The South Carolina General Assembly passed an auto insurance reform measure in 1997 with some dramatic results. After years of ranking in the middle of the pack, when comparing average auto insurance expenses in the country, South Carolina ranked 38th among the 50 states in the nation for auto insurance in 1999.

The new law encouraged more competition in the auto insurance market by decreasing restrictions on what products insurers could offer consumers and by allowing them to price those products appropriately. According to the South Carolina Department of Insurance, the number of auto insurers writing business in that state increased significantly between 1996 and 2000. During 1996, only 74 insurers were doing business in South Carolina. That number grew to 156 in 2000. (This represents an increase of 111 percent in the number of companies offering auto insurance in the state).

In South Carolina, rates are competitive, there is a cooperative spirit with the regulators and companies are able to sustain a profit. Therefore, companies are clamoring to enter the state, not exit the state.

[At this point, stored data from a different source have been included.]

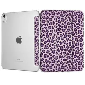 DONGKE for iPad 11th Generation Case 11 Inch 2025 (A16 Chip) & iPad 10th Generation 10.9 Inch 2022, Slim Foldable Stand Hard PC Translucent Back Shell Smart Cover - [Auto Wake/Sleep] - Purple Leopard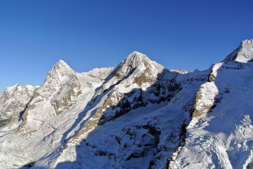 Jetzt aber ohne Halt in die Speck zurück! Eiger, Mönch und Jungfrau, im Schatten die Sphinx,…….
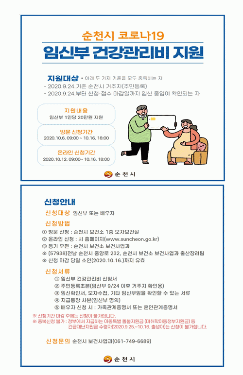 [¹Ìµð¾îÀü³² ÀüÇü¼º ±âÀÚ] ¼øÃµ½Ã´Â Äڷγª19 °¨¿° Ãë¾à°èÃþÀÎ ÀӽźÎÀÇ °Ç°ÇÑ Ãâ»êÀ» À§ÇØ Äڷγª19 ÀӽźΠ°Ç°°ü¸®ºñ·Î Àδç 20¸¸¿øÀ» Áö¿øÇÑ´Ù. Áö¿ø´ë»óÀº 9¿ù 24ÀϺÎÅÍ 10¿ù 16ÀϱîÁö ÀӽŠÁßÀÓÀÌ È®ÀεǴ ¼øÃµ½Ã °ÅÁÖÀÚ·Î Àӽš¦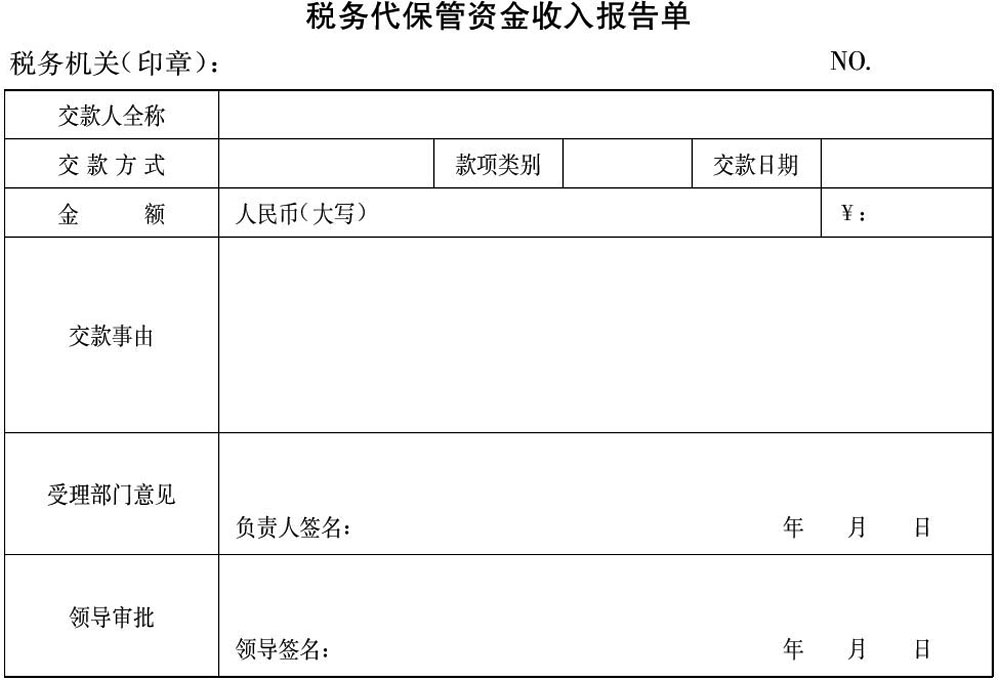 ????第十條?稅務機關(guān)收取稅務代保管資金應當填制《稅務代保管資金收入報告單》(格式見附件1),經(jīng)稅務機關(guān)主要負責人批準,存入稅務代保管資金賬戶。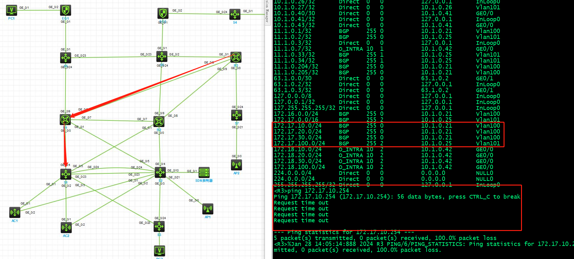 1、R3\R1\S1路由表情况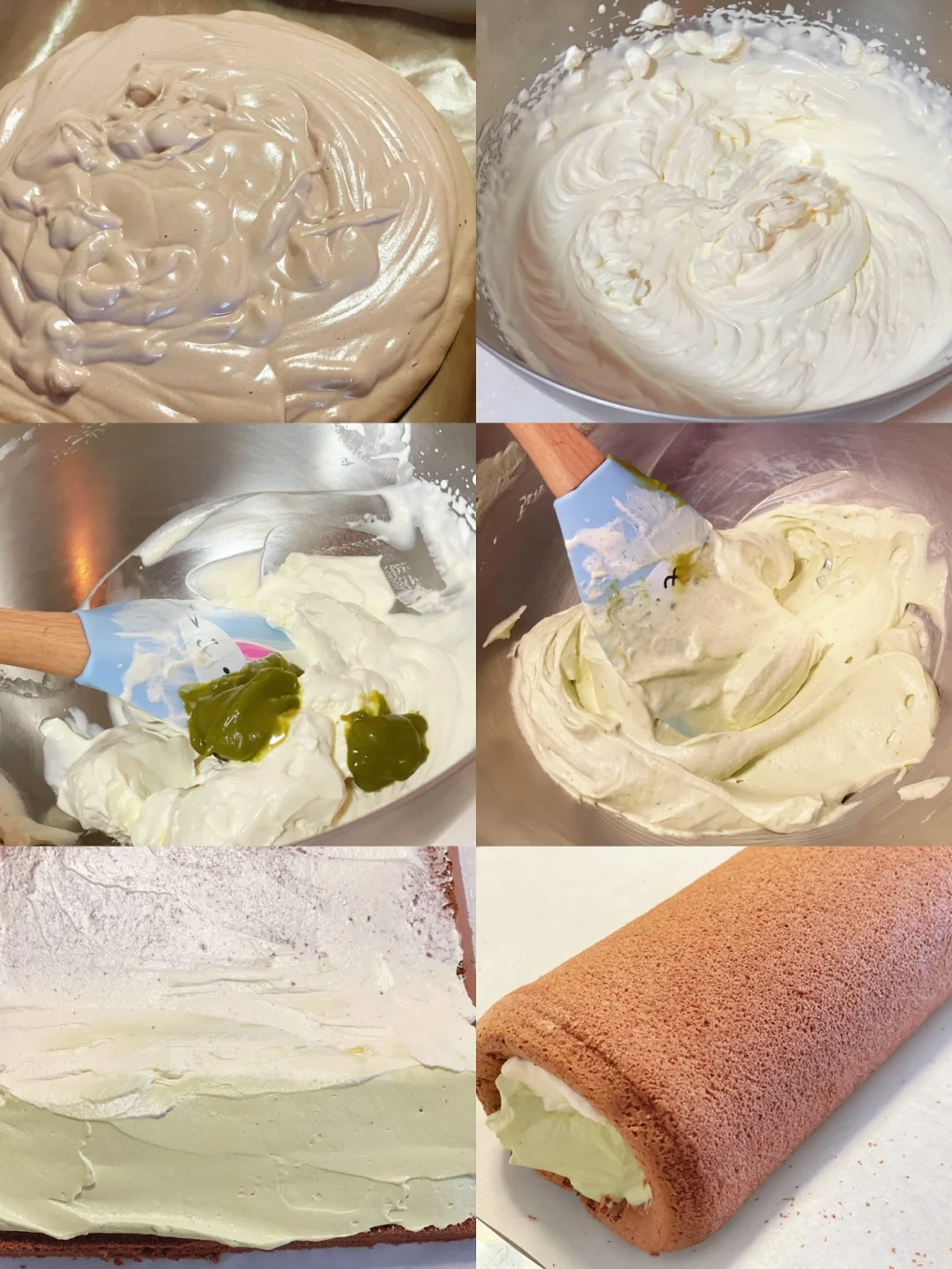 8⃣️奶油打发至硬挺状;取出1/2加入抹茶酱和抹茶粉搅拌均匀。涂抹奶油卷起冷冻30分钟定型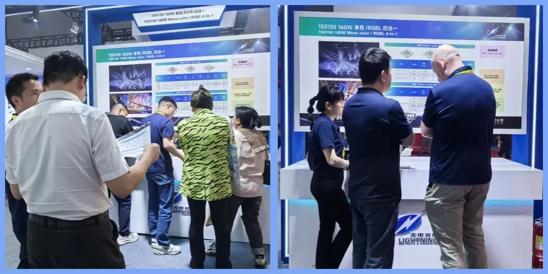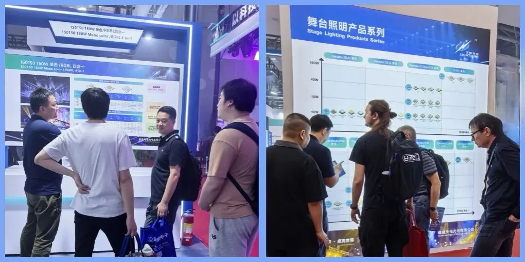 展会期间,天电光电展台人气爆棚,众多国内外客户驻足咨询,重点关注高功率产品的热管理稳定性、光效一致性及批量交付周期等核心需求。针对客户诉求,天电光电现场技术团队快速响应,提供定制化技术方案与本地化服务承诺,进一步强化客户信任,其产品凭借功率优势与多样化效果,成功成为大型演唱会、剧院演出、户外庆典等场景的核心备选产品。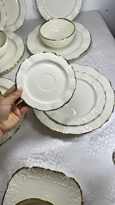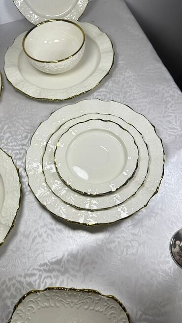 Набор столовой посуды из тонкого фарфора с золотым декором. Состав набора: - глубокая салатница/супница - большое плоское блюдо - плоская сервировочная тарелка среднего размера - десертная тарелка...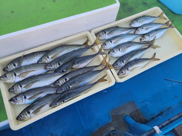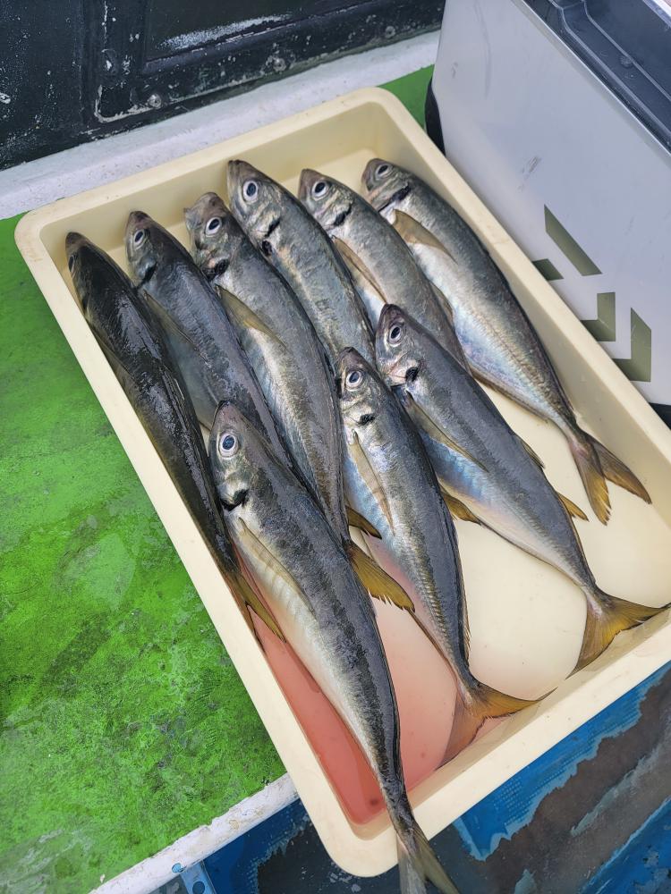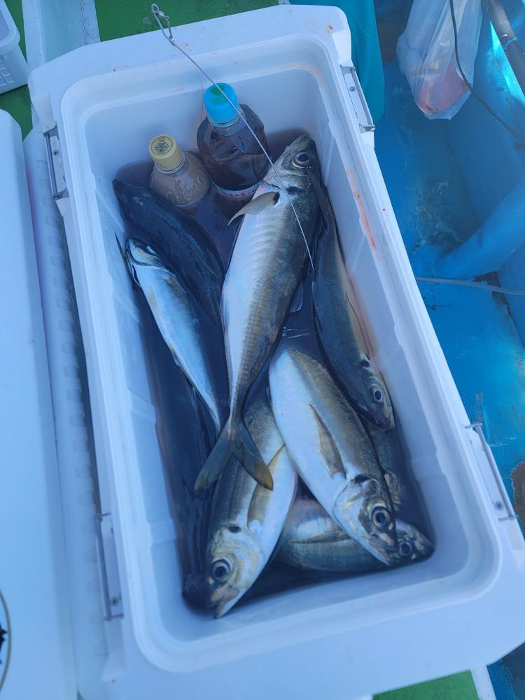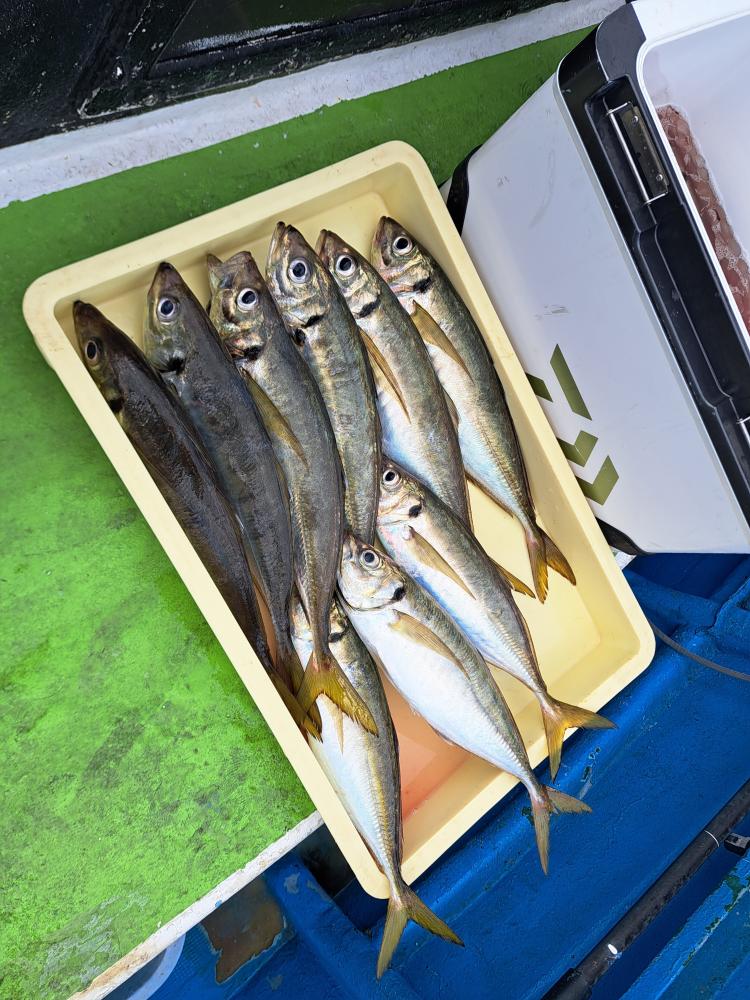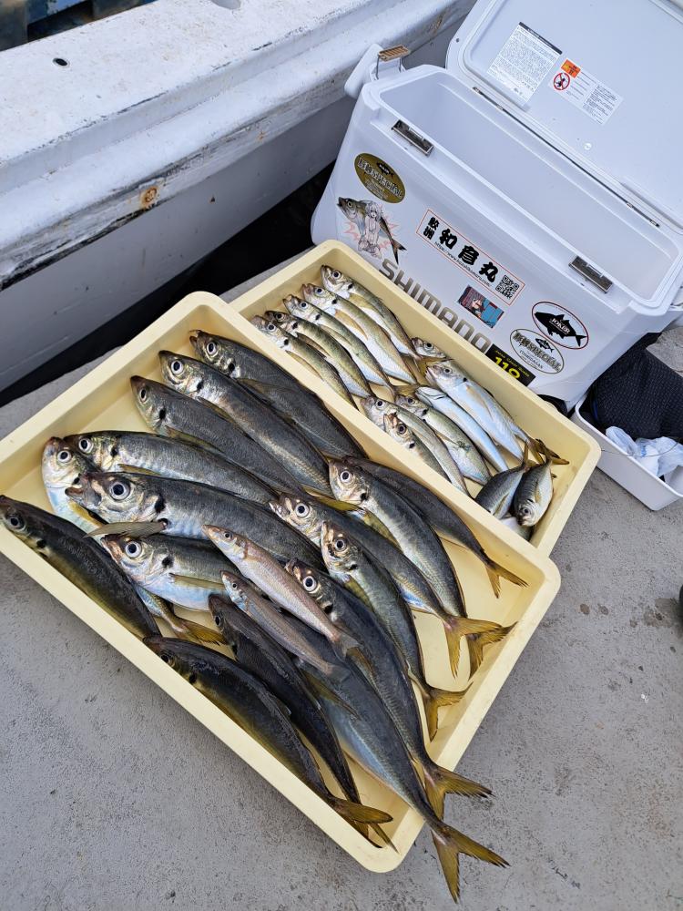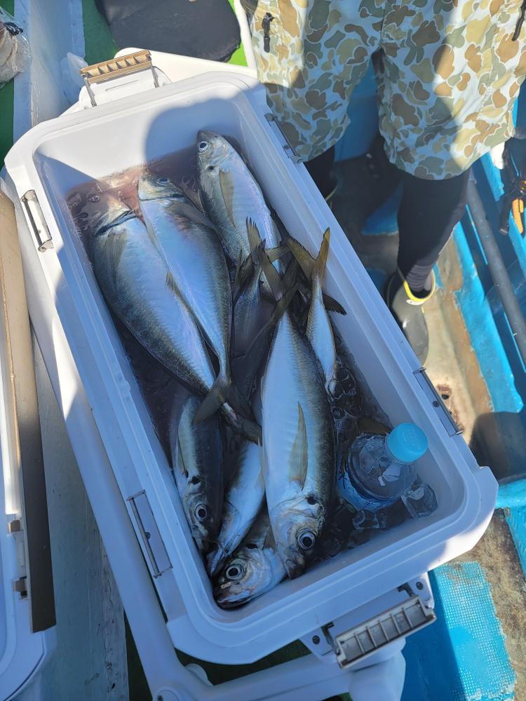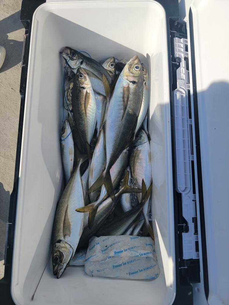 ショートビシアジ乗合に出船しました。出船時は波風ありましたが、ポイント近くは風影となり問題ない天候でスタート。特大サイズがポツリポツリとヒットも次第に潮が流れなくなり小振りのみに。風も凪ぎて来たので転々と探し、後半は高活性な群れ見つかり中型主体にラッキーな方は特大も混じってお土産いっぱいになりました。

The Texas Coalition for Affordable Insurance Solutions (www.tcais.org), supported by the states’ major insurers, is promoting a plan for a stable regulatory environment. This approach will encourage companies to compete for business and offer Texans a wide choice of coverage at the best possible rates.

Solving Texas’ insurance problems is within reach. Let’s offer consumers more flexibility in coverage, not less. Free-market competition is, and will remain, the best way to increase availability and produce the lowest prices.

Sandra Ray is public affairs director for Southwestern Insurance Information Service, a 50 year-old insurance trade association representing companies that write 85 percent of the property and casualty premiums in Texas.